I've noticed that a lot of spellcheckers are using the __levenshtein distance (LD)__, I don't think it's the appropriate solution, since it doesn't take moving a two letters around in consideration.

For example:
1. the distance between `abcde` and `abcxx` is `2`.
2. the distance between `abcde` and `abced` is also `2`.

But on the first case we introduced two new letters, and removed two letters! while on the second case we just moved the `e` and `d` around without introducing or removing any letter.

So in short, I don't see the levenshtein distance as an appropriate solution for a spellchecker.

I've wrote my own string distance calculator and you can find it [here](https://github.com/FinNLP/strdistance).

## Performance

- __Spellchecking a book:__ Processing H.G Wells Novel _The Time Machine_ with (1000s of misspellings introduced took about 8 seconds), in a rate of __4K words/second__.
- __[Spellchecking Wikipedia list](http://en.wikipedia.org/wiki/Wikipedia:Lists_of_common_misspellings/For_machines):__ Processing about 4 thousands words, all misspelt, took about 3.5 seconds with a rate of __2.3K word/second__.

This is not very impressive, but I'm working on it.
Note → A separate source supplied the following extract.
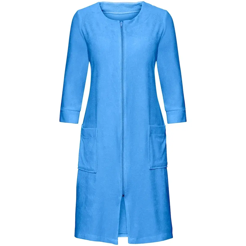 Халат из мягкого легкого махрового полотна. С круглым вырезом, застежкой-молнией по всей длине и 2 накладными карманами. Рукава 3/4 с небольшим разрезом. 80% хлопок, 20% полиэстер.
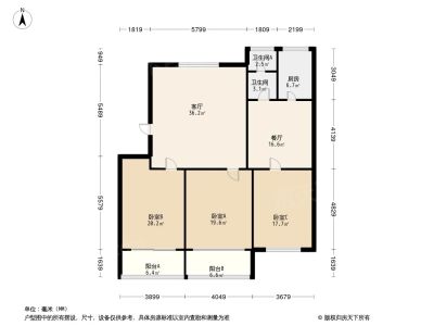 户型齐全,主打户型方正,明卫,明厨,客厅朝南,主卧朝南三居

However, it's far better than [Norvig's](http://norvig.com/spell-correct.html) spellchecker.

## Accuracy

Running on [wikipedia's list](http://en.wikipedia.org/wiki/Wikipedia:Lists_of_common_misspellings/For_machines), with a distance threshold of `0`, It was able to find the accurate correction in the first 5 suggestions on __85%__ of the cases.

## License

The MIT License